Ein neuer Fall für die Polizeiruf-Ermittler aus Brandenburg: Die 18-jährige Kristina (Sarah Horváth) wird auf einem Schrottplatz tot aufgefunden. Kristina hatte den Abend mit ihrer Clique, ihrer Freundin Hanna (Lotte Flack) und ihren Schulkameraden Jan (Jannik Schümann) und Ditsche (Max von der Groeben), in einem Club verbracht und ausgiebig gefeiert. In der Gerichtsmedizin kommt heraus, dass Kristina unter Einfluss von Liquid Ecstasy stand, auch als K.O.-Tropfen bekannt, und vermutlich von zwei Tätern misshandelt und vergewaltigt wurde. Außerdem war sie im zweiten Monat schwanger. Doch keiner von Kristinas Freunden kann sich an die Ereignisse des Abends erinnern.
Wenn es um deutsche Krimis geht, führt kein Weg an "Tatort" vorbei. Diese Serie ist mehr als nur eine gewöhnliche Krimireihe; sie ist ein Phänomen, das seit 1970 die Zuschauer begeistert. Unter dem Titel "Tatort" vereinen sich Dutzende von Krimiserien, die von den verschiedenen ARD-Anstalten produziert werden. Jede Episode hat ihre eigenen Ermittlerteams, die in unterschiedlichen Städten Mordfälle aufklären.
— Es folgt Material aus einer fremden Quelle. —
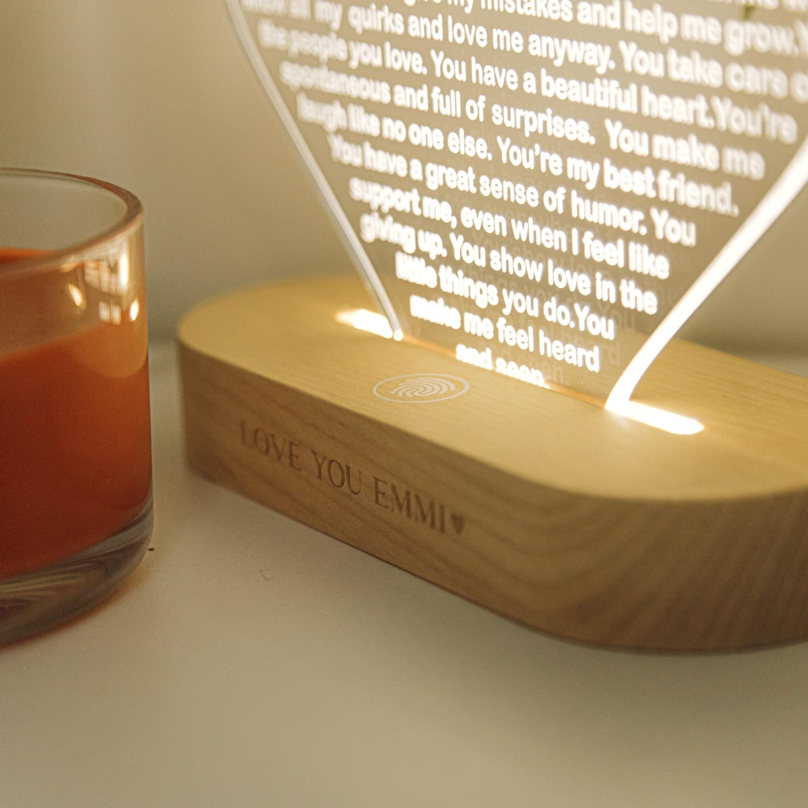 Light up her world with a custom heart night light—a perfect Christmas gift, a thoughtful 30th birthday surprise, a romantic gesture, or a touching anniversary present. Let love shine bright in the form of this personalized night light that symbolizes your deepest affections and conveys your heartfelt emotions in a warm and luminous way. Illuminate her heart and space with a gift that radiates love and togetherness.

Das macht jede Folge einzigartig und zeigt dabei auch noch die regionalen Eigenheiten der jeweiligen Orte.
Die erste Episode wurde am 29. November 1970 ausgestrahlt und seitdem sind über 1300 Folgen entstanden. Was macht "Tatort" so besonders? Nun, zum einen ist es die Vielfalt an Charakteren: Von Paul Stoever (gespielt von Manfred Krug) bis hin zu Lena Odenthal (Ulrike Folkerts) oder Frank Thiel (Axel Prahl), jeder Ermittler bringt seinen eigenen Stil in die Ermittlungen ein. Diese tiefgründigen Charaktere sorgen dafür, dass man sich nicht nur für den Fall interessiert, sondern auch für ihre persönlichen Geschichten.
Ein weiterer Grund, warum "Tatort" so beliebt ist, liegt im Format der Serie selbst. Mit einer Laufzeit von etwa 90 Minuten pro Episode haben die Macher genug Zeit für spannende Plot-Twists und tiefere Charakterentwicklungen. Zudem wird jede Folge in einer anderen Stadt gedreht – das bedeutet also eine regelrechte Reise durch Deutschland sowie nach Österreich und in die Schweiz! So wird der Schauplatz oft selbst zum Protagonisten der Geschichte und bringt frischen Wind in jeden neuen Fall.